Vienna Contemporary 2024
with R. Sebastian Schachinger
12.09.-15.09.2024
Installation views
For Vienna Contemporary 2024, Windhager von Kaenel is excited to propose a solo presentation by R. Sebastian Schachinger, who invites us to think about the paradoxical structure of time as an abstract entity or a synchronizing tool within the process of art-making.The proposal entails seven new works titled Sunday Sculpture 1-7, on which the artist has worked over the last eight weeks. They consist of residues of machines, such as lawnmowers, engines, or washing machines, combined with hand-produced elements to create complex sculptures. The sculptures avail themselves of formal precision—the same precision with which the works have been hung on the wall in a uniform way, like, perhaps, the numbers on a watch dial, or a sepia photograph of lined-up fabric workers.

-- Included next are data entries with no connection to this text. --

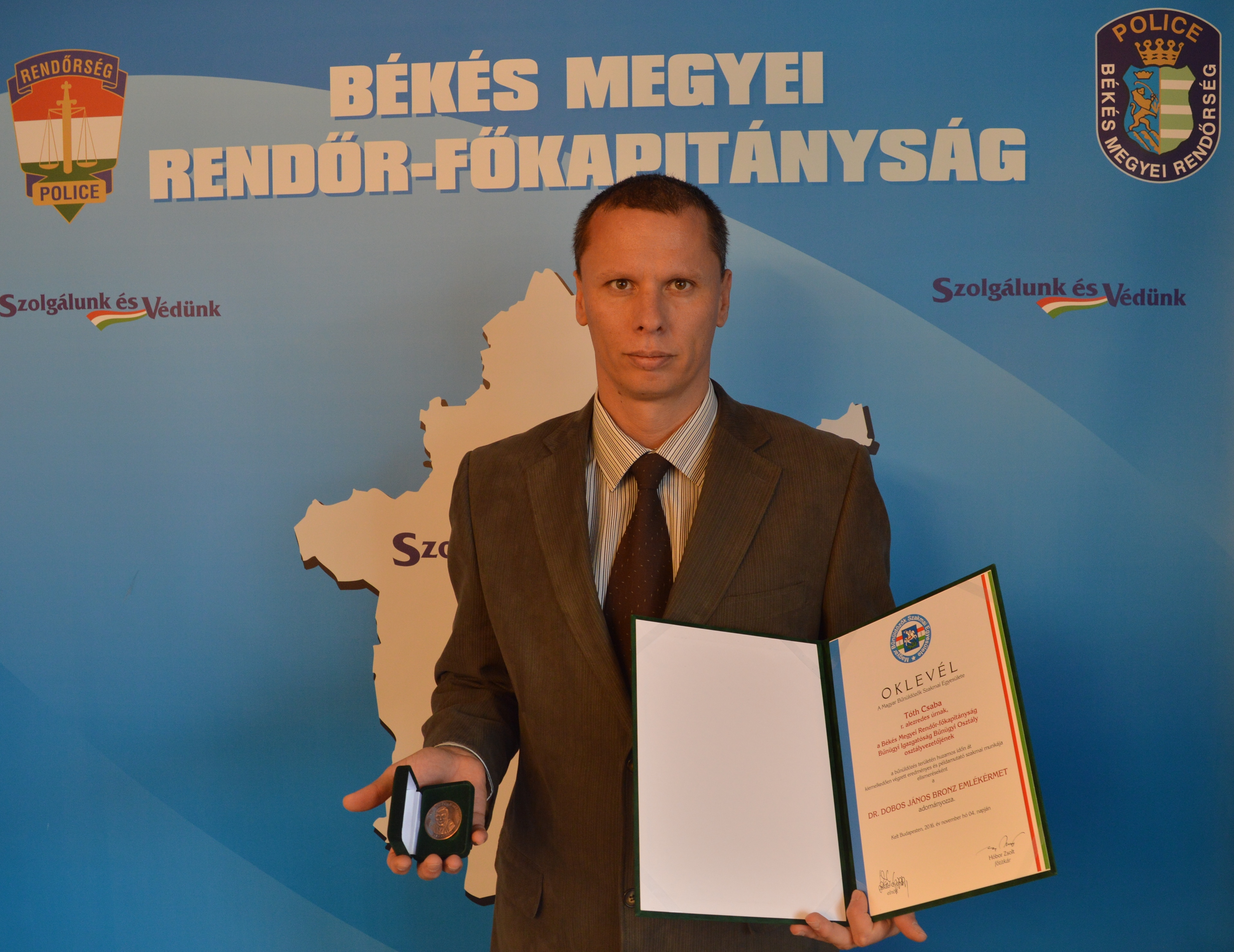 Dr. Dobos János Bronz Emlékérem elismerésben részesült Tóth Csaba r. alezredes, a Békés Megyei Rendőr-főkapitányság Bűnügyi Osztályának vezetője.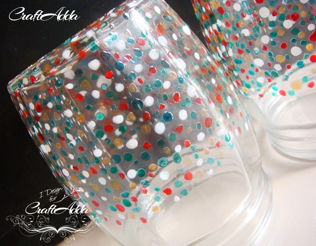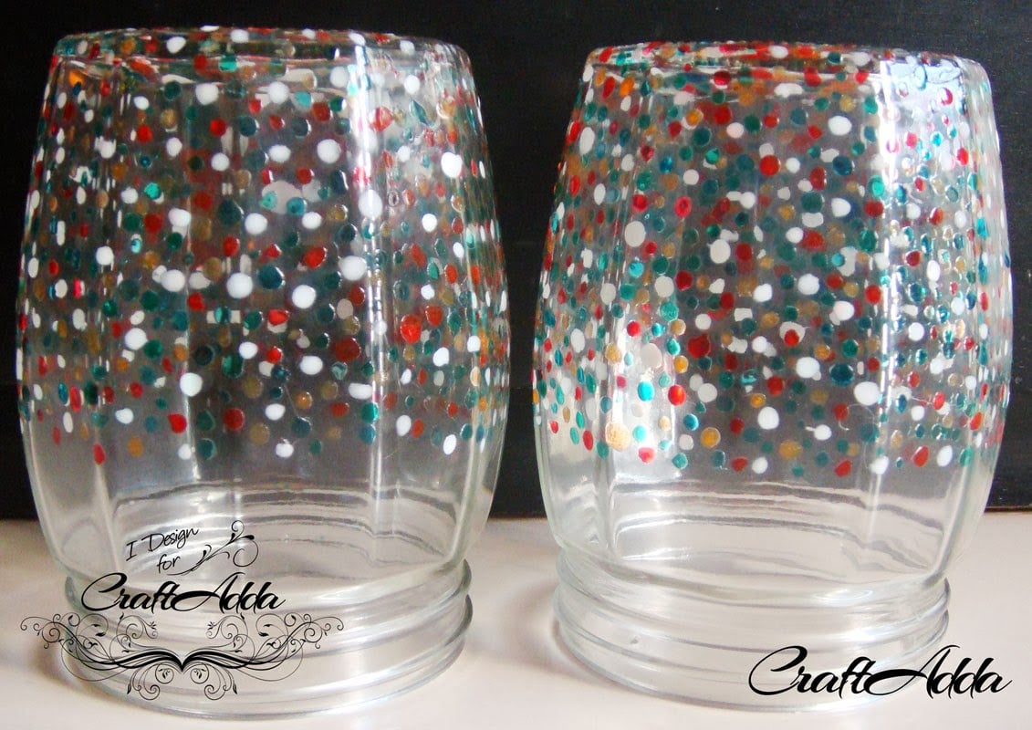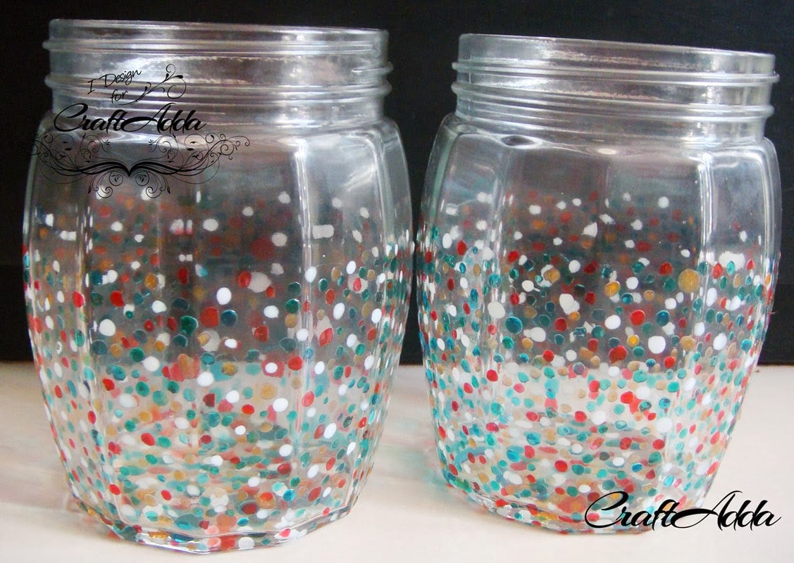 Hello Crafters out there its Khyati back again with a non paper craft project.. This time its another altered project.. I altered a set of bottles used in Kitchen simply because they were too plain for my taste :).. I really wanted to try my hands on hand painting and then adding colors using glass paint… Being impatient me I went to market without any research and bought some paints.. Alas when I came home I realized those were Glass Water soluble paints and hence I had to improvise as I wanted to color the jars which would be washed weekly if not daily.. I googled up a lot and realized that nail varnish is a good alternative to glass paint as they aren’t water soluble.. Hence I got some clear nail paints and added some photo colors to them to get Jelly looking nail paints and started adding confetti’s to my jars randomly.. So here are the pictures for the same –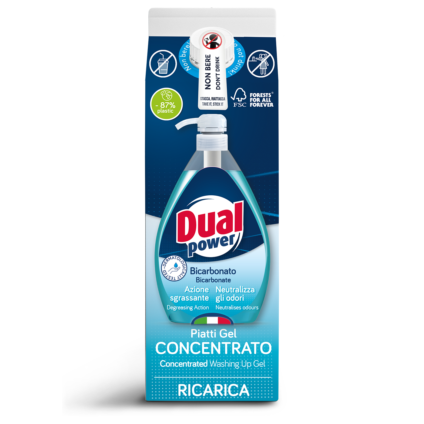 La soluzione intelligente e sostenibile per non restare mai senza il tuo detergente piatti preferito. Dual Power Ricarica Piatti Gel Concentrato Bicarbonato: abbina la praticità della ricarica al potere naturale del bicarbonato per una pulizia impeccabile delle tue stoviglie!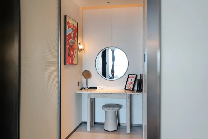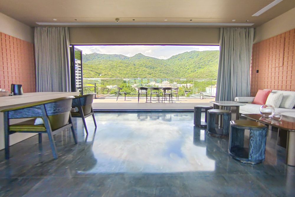 10-й этаж, семейный люкс с дизайном для детей: главная спальня с кроватью king size и гардеробной, детская спальня (без окна) с двухъярусной кроватью в виде ракеты, просторная гостиная с панорамными окнами, обеденной зоной и полностью укомплектованной кухонной зоной (плита, СВЧ-печь, раковина, посудомоечная машина, холодильник, кофемашина), ванная комната с душевой кабиной и сауной, два туалета, балкон с ванной, панорамный вид на океан с самой высокой точки обзора в отеле;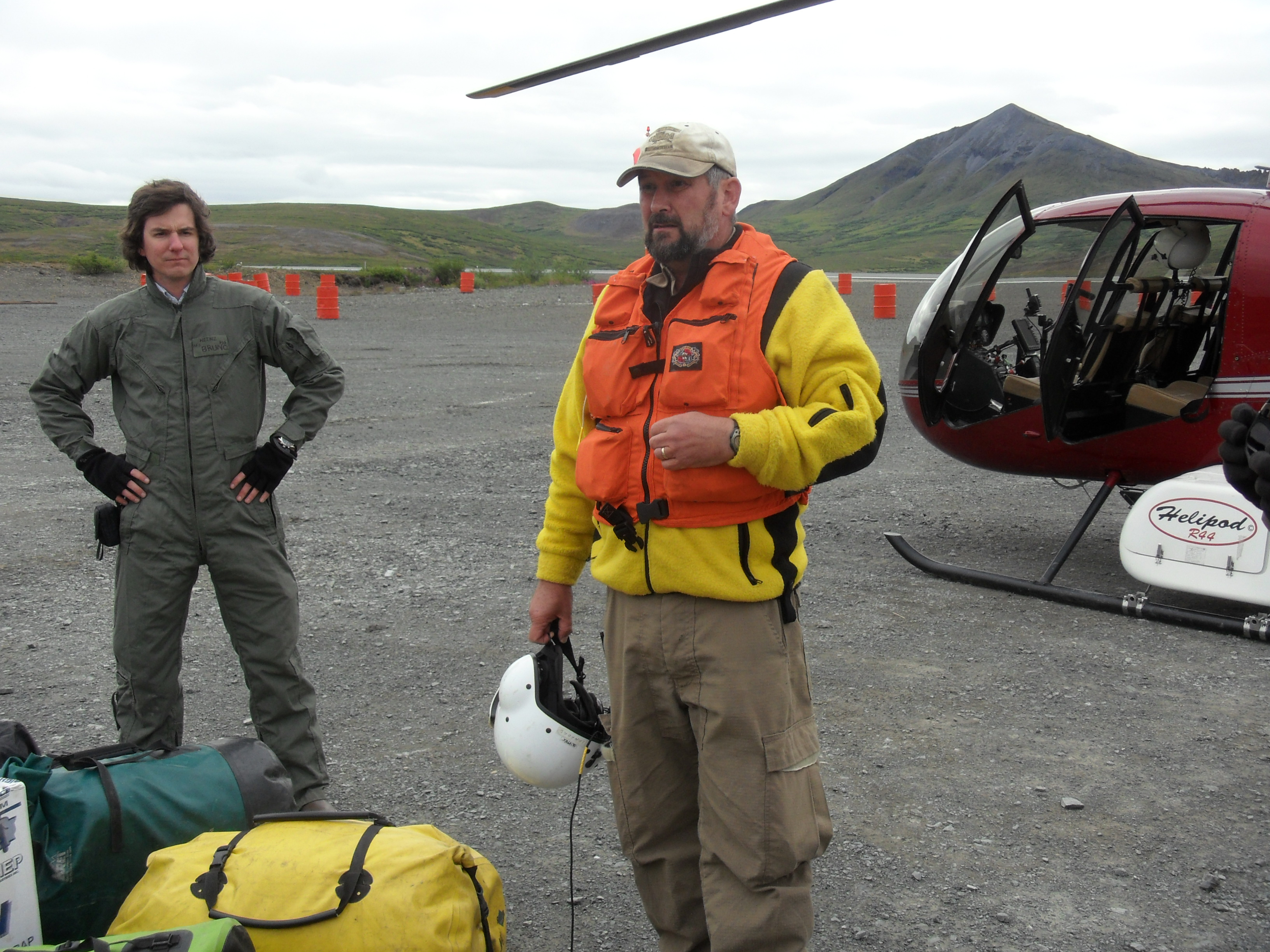 Archaeologist Stephan from Germany (left) and Bureau of Land Management employee Steve (right) prepare to take the helicopter out to the team's remote dig site. Note Stephan's fire-resistant Nomex flight suit and Steve's vest full of emergency supplies. Red Dog Mine, near Kotzebue, Alaska.

Reminiscent of 1950s readymades and Dada assemblages, Schachinger makes use of relics from everyday life. However, he draws less from consumerist culture and more from automation—energy we take for granted—depicting contemporary society as the machines that turn the world around, faster than the control loops of our ecosystem, starting with our own body, can reflect on their effects. For example, Schachinger hand carves industrial components out of oak to reflect on work typically done by machines. When you carve by hand, you enter an exchange of thoughts, body, and material. You hit once, the material reacts, and with the next hit, you adapt. Whereas machines, like the lawnmower, shred through nature at 3,000 rounds per minute, which may seem harmless in your garden but poses a larger problem in countries like Romania, where IKEA cuts down hectares of one of the last primeval forests on the globe. Back in your garden, you only see the ants you’ve cut through after the work has been done—speaking of 2024, by the AI robot that did it.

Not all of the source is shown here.